Thus, we can consider a wide range of alternatives. In Table 1, we present some of these cases. Therefore, we see that the applicability is incredibly broad because all the previous models, theories, etc. Therefore, this new model always includes the classical approach. However, we believe that in the future there will be a need to produce various degrees of underestimated and overestimated results because they will provide more complete information in the analysis.
Using the model presented in this paper, we can vary the degree of importance of these concepts depending on the particular problem we are analyzing. This will allow us to consider situations where the probability or the OWA is more relevant than the other concept.
In the following, we mention some of the main research application areas. Within each field, there are many potential applications. For example, we can implement it in linear and multiple regressions. We can also extend it to probability theory and a lot of other related areas such as hypothesis testing and inference statistics.
Moreover, we can apply it in neural network theory, evolutionary computation, probabilistic reasoning and chaotic computing. In summary, any current or future research that uses either the IOWA or the PA can be revised and extended by using this new approach.
Decision Making faces 3 particular conditions they are; 1 uncertainty, 2 certainty, and 3 risk. These conditions determine the probability of an error in decision making. Under conditions of certainty, the manager has enough information to know the outcome of the decision before it is made. This money is kept in a savings account at a local bank that pays 7. Half of the money will be drawn out next month and the rest when the job is completed in 90 days.
Virtually all decisions are made in an environment of at least some uncertainty. However, the degree will vary from relative certainty to great uncertainty. There are certain risks involved in making decisions. In a situation involving certainty, people are reasonably sure about what will happen when they make a decision. The information is available and is considered to be reliable, and the cause and effect relationships are known. In a situation of uncertainty, on the other hand, people have only a meager data base, they do not know whether or not the data are reliable, and they are very unsure about whether or not situation may change.
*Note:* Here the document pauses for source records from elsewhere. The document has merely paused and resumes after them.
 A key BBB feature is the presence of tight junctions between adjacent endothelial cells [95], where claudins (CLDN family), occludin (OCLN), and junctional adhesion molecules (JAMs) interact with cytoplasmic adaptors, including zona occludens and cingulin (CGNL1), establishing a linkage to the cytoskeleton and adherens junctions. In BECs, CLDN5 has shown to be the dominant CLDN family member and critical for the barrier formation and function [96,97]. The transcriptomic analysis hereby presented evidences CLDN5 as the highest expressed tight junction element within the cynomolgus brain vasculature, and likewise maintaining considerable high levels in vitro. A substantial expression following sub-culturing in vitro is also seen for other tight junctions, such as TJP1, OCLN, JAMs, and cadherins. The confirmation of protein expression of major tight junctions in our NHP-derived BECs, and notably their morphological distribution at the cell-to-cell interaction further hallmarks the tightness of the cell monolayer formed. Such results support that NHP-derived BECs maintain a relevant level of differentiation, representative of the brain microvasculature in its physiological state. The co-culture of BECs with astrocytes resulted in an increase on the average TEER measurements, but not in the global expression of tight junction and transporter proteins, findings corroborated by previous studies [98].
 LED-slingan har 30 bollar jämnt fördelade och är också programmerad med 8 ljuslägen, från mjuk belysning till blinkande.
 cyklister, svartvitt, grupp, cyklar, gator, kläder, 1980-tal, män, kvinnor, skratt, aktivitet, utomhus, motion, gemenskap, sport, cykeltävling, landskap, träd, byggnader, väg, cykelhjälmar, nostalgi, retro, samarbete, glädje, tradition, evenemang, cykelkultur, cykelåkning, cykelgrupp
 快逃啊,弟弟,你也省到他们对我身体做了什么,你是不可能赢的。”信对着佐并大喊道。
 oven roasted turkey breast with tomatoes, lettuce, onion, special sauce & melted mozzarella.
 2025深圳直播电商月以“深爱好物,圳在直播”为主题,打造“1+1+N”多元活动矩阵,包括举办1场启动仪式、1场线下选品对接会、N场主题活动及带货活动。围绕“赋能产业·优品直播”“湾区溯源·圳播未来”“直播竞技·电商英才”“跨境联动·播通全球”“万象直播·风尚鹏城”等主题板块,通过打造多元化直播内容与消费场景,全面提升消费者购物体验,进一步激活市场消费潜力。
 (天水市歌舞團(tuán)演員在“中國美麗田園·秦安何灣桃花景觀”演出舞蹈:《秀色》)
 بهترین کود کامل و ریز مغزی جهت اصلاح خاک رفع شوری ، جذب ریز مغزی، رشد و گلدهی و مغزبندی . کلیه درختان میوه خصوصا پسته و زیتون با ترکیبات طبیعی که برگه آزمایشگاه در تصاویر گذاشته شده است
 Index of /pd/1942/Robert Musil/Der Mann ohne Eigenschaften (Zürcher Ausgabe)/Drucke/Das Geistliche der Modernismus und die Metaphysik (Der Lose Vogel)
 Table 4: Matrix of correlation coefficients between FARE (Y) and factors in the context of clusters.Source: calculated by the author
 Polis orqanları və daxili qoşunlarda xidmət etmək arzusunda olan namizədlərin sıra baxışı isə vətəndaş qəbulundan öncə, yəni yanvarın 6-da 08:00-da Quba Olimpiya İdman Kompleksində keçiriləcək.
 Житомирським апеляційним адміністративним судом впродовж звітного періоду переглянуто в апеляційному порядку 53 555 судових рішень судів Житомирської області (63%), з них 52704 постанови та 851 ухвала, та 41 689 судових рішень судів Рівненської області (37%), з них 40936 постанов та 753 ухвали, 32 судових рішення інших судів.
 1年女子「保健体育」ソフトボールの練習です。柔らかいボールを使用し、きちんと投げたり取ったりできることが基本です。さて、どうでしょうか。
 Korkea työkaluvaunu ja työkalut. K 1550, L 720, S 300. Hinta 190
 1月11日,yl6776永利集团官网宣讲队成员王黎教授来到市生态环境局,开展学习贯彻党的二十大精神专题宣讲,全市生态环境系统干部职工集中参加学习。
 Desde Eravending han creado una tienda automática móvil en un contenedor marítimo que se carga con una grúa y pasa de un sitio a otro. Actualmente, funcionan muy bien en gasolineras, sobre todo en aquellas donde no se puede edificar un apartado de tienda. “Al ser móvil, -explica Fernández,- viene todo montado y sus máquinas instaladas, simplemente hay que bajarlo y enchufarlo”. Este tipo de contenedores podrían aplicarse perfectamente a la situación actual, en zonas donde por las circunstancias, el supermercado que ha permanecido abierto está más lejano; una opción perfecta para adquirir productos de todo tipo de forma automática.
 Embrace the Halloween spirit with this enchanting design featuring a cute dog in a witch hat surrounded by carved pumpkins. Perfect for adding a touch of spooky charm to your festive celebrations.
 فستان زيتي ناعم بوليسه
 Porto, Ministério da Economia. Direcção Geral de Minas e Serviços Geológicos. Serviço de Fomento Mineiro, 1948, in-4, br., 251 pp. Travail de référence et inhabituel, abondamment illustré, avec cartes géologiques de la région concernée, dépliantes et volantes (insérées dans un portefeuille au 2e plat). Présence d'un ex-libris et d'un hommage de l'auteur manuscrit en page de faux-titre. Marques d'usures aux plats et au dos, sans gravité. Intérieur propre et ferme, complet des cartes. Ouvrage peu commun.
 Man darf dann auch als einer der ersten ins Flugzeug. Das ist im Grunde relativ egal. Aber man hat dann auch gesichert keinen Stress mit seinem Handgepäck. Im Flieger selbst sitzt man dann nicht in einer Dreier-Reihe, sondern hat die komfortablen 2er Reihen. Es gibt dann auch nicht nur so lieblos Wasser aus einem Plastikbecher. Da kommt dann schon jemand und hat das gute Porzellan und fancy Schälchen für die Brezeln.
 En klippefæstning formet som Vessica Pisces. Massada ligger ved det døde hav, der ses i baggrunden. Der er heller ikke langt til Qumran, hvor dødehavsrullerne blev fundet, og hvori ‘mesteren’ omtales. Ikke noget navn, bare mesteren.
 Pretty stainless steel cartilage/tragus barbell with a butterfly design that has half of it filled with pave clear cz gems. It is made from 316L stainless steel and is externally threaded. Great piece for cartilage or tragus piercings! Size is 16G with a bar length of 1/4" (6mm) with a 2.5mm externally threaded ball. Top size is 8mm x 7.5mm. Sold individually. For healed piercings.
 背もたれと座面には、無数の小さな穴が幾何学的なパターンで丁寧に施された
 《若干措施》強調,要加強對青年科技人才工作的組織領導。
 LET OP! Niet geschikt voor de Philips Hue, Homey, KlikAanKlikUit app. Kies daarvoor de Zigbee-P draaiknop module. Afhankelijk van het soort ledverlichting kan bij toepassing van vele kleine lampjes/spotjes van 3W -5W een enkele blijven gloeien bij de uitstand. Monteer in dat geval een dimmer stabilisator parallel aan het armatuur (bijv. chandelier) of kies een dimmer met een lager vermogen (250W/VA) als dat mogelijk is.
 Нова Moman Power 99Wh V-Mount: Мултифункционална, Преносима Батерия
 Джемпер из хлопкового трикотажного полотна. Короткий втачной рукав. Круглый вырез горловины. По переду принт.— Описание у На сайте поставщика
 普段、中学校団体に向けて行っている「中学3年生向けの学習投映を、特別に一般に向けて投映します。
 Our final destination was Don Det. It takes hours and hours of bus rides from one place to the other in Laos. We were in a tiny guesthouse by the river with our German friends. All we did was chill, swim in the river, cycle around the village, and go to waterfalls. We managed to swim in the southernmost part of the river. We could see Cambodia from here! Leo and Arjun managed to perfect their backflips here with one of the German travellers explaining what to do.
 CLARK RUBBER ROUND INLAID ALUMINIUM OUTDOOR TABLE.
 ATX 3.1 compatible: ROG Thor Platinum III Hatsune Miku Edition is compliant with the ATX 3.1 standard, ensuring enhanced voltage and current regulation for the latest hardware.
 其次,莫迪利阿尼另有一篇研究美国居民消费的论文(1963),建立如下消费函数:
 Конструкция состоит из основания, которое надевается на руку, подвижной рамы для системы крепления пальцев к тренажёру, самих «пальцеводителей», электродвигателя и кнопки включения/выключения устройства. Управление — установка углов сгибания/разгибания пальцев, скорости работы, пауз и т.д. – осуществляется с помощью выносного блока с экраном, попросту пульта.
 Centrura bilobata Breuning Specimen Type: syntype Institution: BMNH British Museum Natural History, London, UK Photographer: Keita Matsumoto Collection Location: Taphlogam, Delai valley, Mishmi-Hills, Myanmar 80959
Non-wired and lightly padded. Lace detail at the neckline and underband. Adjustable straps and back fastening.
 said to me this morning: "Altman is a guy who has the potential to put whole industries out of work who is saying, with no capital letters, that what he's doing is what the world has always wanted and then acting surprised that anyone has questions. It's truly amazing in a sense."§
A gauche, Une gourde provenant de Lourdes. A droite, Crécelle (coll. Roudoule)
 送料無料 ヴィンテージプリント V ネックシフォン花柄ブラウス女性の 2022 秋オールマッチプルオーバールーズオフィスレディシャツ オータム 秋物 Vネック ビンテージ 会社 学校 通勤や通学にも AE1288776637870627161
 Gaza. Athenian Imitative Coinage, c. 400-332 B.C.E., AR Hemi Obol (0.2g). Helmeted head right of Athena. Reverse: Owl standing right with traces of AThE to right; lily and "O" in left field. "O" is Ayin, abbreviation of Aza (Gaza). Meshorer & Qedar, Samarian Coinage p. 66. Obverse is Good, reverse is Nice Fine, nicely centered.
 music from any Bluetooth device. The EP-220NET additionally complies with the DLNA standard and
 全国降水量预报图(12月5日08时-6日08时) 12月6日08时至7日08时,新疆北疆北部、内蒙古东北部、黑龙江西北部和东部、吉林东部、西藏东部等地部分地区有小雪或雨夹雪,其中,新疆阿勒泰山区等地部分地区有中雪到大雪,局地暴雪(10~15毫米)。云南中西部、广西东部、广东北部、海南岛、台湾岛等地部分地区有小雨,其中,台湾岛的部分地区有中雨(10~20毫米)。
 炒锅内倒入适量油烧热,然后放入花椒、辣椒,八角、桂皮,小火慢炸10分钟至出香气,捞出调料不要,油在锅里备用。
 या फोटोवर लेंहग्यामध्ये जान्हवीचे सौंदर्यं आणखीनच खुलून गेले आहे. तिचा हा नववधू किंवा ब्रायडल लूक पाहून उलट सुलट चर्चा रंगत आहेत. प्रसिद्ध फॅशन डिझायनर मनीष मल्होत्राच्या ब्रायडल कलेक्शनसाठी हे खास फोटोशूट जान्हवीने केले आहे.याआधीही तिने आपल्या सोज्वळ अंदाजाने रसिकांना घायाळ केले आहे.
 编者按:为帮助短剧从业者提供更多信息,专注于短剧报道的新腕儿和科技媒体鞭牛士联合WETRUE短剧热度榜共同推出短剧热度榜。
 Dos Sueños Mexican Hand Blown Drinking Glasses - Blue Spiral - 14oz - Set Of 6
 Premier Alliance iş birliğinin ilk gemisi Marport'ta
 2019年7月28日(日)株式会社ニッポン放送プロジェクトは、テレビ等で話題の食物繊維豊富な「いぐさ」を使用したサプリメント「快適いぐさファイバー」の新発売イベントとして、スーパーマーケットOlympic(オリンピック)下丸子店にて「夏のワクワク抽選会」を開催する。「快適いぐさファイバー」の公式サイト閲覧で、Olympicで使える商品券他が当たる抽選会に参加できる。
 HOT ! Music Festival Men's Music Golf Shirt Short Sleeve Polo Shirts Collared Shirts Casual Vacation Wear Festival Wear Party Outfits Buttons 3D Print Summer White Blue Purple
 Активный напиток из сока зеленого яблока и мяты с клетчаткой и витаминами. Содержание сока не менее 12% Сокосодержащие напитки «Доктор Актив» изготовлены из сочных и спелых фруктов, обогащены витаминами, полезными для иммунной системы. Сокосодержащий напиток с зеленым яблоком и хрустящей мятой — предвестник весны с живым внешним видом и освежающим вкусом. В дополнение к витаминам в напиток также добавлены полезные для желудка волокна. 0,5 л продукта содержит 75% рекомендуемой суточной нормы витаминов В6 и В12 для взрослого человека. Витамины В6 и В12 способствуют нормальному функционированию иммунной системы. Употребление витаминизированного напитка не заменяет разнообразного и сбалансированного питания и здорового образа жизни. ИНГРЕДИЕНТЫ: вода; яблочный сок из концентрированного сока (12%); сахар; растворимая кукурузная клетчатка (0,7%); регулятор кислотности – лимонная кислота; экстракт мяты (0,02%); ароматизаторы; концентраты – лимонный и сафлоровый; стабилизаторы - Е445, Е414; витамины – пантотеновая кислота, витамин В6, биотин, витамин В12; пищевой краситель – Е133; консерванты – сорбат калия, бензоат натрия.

Post a comment Semoga perkongsian ilmu ini diberkati. Explain the difference between decision-making under certainty, risk and uncertainty. Decision making is a process of identifying problems and opportunities and choosing the best option among alternative courses of action for resolving them successfully. Usually, there are three different conditions under which decisions are made; these conditions are explained as follow:. Conditions under certainty are which the decision maker has full and needed information to make a decision.
A condition of certainty exists when the decision-maker knows with reasonable certainty what the alternatives are, what conditions are associated with each.
Information, S. Decision theory represents a general approach to decision making. It is suitable for a wide range of operations management decisions. Among them are capacity planning, product and service design, equipment selection, and location planning.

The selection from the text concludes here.